====== Data supplied

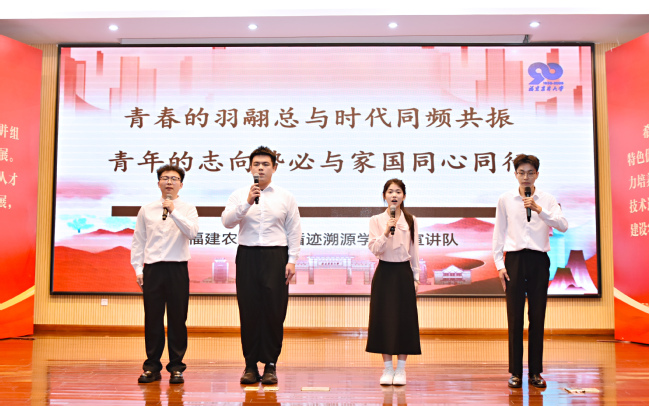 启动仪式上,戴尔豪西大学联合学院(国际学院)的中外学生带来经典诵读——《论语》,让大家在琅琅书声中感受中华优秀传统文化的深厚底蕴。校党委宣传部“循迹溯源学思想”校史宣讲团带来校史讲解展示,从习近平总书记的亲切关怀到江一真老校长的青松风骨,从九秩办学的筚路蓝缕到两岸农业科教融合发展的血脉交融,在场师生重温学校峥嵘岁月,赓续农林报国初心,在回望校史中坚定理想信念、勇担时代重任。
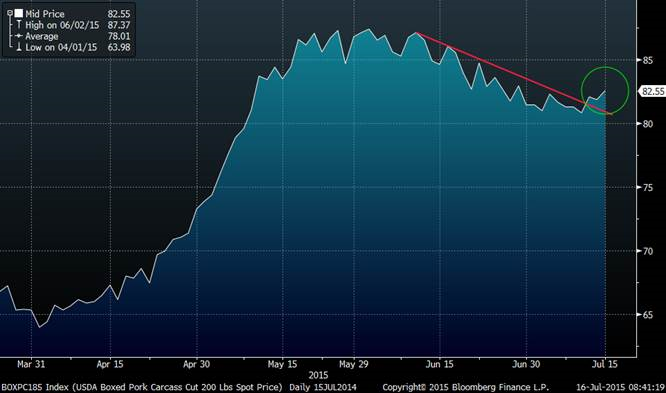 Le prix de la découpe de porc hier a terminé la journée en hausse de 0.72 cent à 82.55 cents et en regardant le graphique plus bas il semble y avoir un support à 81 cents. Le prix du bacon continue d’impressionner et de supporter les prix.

============
====== Data supplied

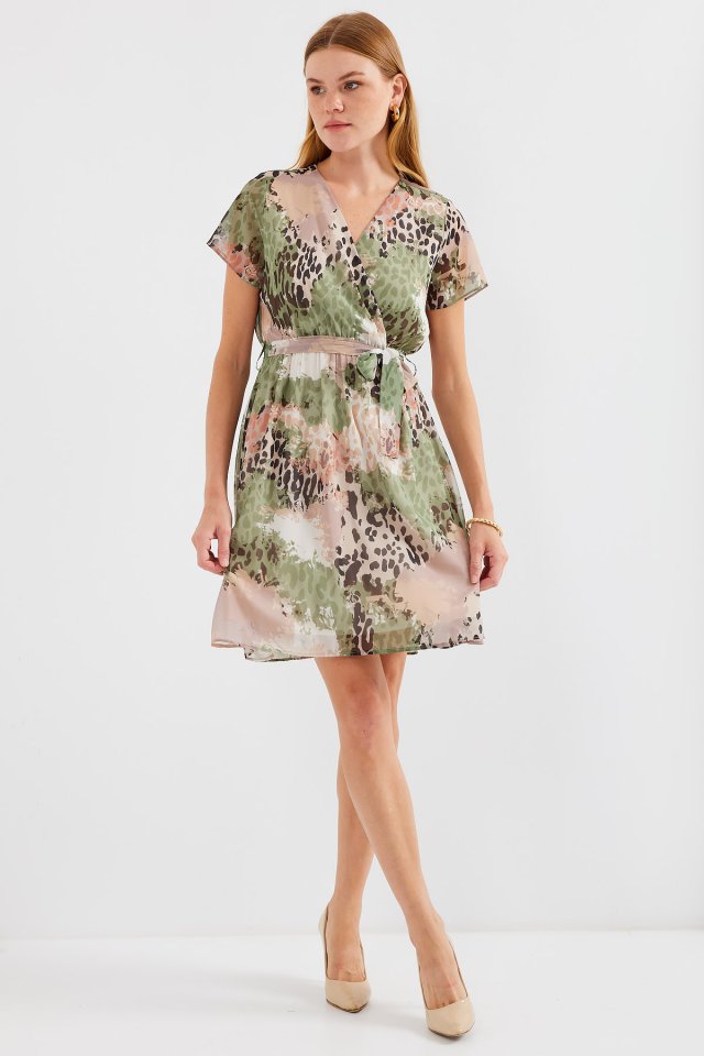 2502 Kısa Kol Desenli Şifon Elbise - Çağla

============

§ Required action
What belongs in the answer is each line above from the line with "启动仪式上,戴尔豪西大学联合" to the line with "Le prix de la", inclusive, reproduced exactly and free of pictures.

§ Output of the task
 启动仪式上,戴尔豪西大学联合学院(国际学院)的中外学生带来经典诵读——《论语》,让大家在琅琅书声中感受中华优秀传统文化的深厚底蕴。校党委宣传部“循迹溯源学思想”校史宣讲团带来校史讲解展示,从习近平总书记的亲切关怀到江一真老校长的青松风骨,从九秩办学的筚路蓝缕到两岸农业科教融合发展的血脉交融,在场师生重温学校峥嵘岁月,赓续农林报国初心,在回望校史中坚定理想信念、勇担时代重任。
 Le prix de la découpe de porc hier a terminé la journée en hausse de 0.72 cent à 82.55 cents et en regardant le graphique plus bas il semble y avoir un support à 81 cents. Le prix du bacon continue d’impressionner et de supporter les prix.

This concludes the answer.